Десять минут я осторожно шел — и вот уже впереди замаячил слабый ореол станционных огней, и фигура Кёрка вступила в это свечение, открыла щеколду калитки и вошла на станцию. Не приближаясь, я наблюдал, как Кёрк покупает билет в кассе, потом садится на сырую скамейку. Платформа была пуста; лишь он сидел на скамейке в одном конце да я теперь стоял в другом. В тусклом свете фонарей на станции рельсы на гравии походили на тщательно смазанное оружие.
Кёрк сидел на скамейке лицом к путям; за ними — низкая живая изгородь, а дальше болота тянулись до холмов. Но холмов Кёрку не разглядеть. Он просто сидел, всматриваясь в густой туман.
От холода я кутался в плащ.
Платформа задрожала на добрую минуту раньше, чем заревел поезд.

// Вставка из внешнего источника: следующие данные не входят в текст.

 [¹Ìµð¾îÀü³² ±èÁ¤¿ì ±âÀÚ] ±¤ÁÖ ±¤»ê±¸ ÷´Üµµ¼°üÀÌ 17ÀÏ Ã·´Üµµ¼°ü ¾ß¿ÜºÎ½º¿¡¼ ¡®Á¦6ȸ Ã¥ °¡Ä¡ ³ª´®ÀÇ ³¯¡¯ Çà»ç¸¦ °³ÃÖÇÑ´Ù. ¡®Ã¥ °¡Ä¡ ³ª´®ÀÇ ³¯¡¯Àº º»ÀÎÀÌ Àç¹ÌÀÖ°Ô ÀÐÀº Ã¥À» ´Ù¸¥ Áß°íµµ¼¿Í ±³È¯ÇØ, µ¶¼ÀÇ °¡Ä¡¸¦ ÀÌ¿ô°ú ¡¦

Затем послышался гул — все ближе, ближе; затем свист и скрежет металла о металл. Я шагнул к краю платформы как раз вовремя и увидел, как черная махина локомотива расшибает туман на куски.
За эти секунды Кёрк, видимо, поднялся со скамейки и тоже подошел к краю, встал подле меня. Он, должно быть, успел заметить дым паровоза, что белее тумана, и красный отблеск топки.
Потом я увидел, что тело Кёрка распростерлось на рельсах лицом ко мне.
Может быть, он кричал; он бы успел закричать. Но я ничего не слышал — да и паровоз обратил бы на слова не больше внимания, чем на живую плоть. Кёрк лежал на рельсах, а мгновенье спустя его смела стена металла, искр, огней и грохота.
Я не стал ждать, дабы выяснить, во что превратился Кёрк.
Развернулся и вышел со станции, прочь от шума; поспешил обратно по улице, глядя прямо перед собой, благодарно впуская в сознание тишину и туман этого утра — последнего утра Кёрка в Каррике и в этом мире.
В Каррик вернулись те же два агента-здоровяка. Они снова были крайне вежливы; мы тоже. Они снова задавали вопросы людям по всему городу, и снова не говорили ни со мной, ни с Анной. Почти все время полицейские провели с городовым Хоггом. Он помог им прийти к несложному выводу, который не заставил бы их растянуть пребывание в Каррике. Кёрк наверняка убил Свейнстона, решили они, а затем покончил с собой — прыгнул под поезд. Что может быть проще? Обычные угрызения совести под страхом наказания.
Приняв решение, агенты уехали обратно в Столицу.
Быть может, некоторые горожане сожалели о гибели Свейнстона; однако смерть Кёрка оплакивала только Анна. По большому счету жизнь Каррика направлялась в привычное русло.
— Жизнь продолжается, — вот что говорили горожане.
В первый раз я услышал эти слова от жены пастуха Бромли. Он был маленького роста, она — женщина с лицом кошачьим, точеным, абсолютно не сочетавшимся с бесформенной грудой тела. Эта женщина пришла в Аптеку за отцовским эликсиром для Бромли, которого ужалила внесезонная пчела. В тот день в Аптеке жена Бромли сказала самодовольно:
— Бромли говорит, жизнь продолжается.
Я подумал, что ей и остальным неразумно так быстро забывать об осторожности. Но ответил:
— Возможно. Возможно.
Таким образом, первые сообщения о кроликах почти не встревожили граждан Каррика. В окрестностях Утеса на болотах сотнями начали умирать кролики. Их погибло так много, что, хотя ястребы, водяные крысы, куницы и прочие ценители кроличьей падали собрались со многих миль вокруг, они смогли уничтожить лишь небольшую часть этого изобилия. Пастухи и рыбаки жаловались, что все время спотыкаются о кроличьи трупики, гниющие в каждой долине и на всех склонах холмов. Первым свидетелем гибели одного из кроликов стал Вернон, тощий пастух, чье стадо паслось на западной стороне Утеса.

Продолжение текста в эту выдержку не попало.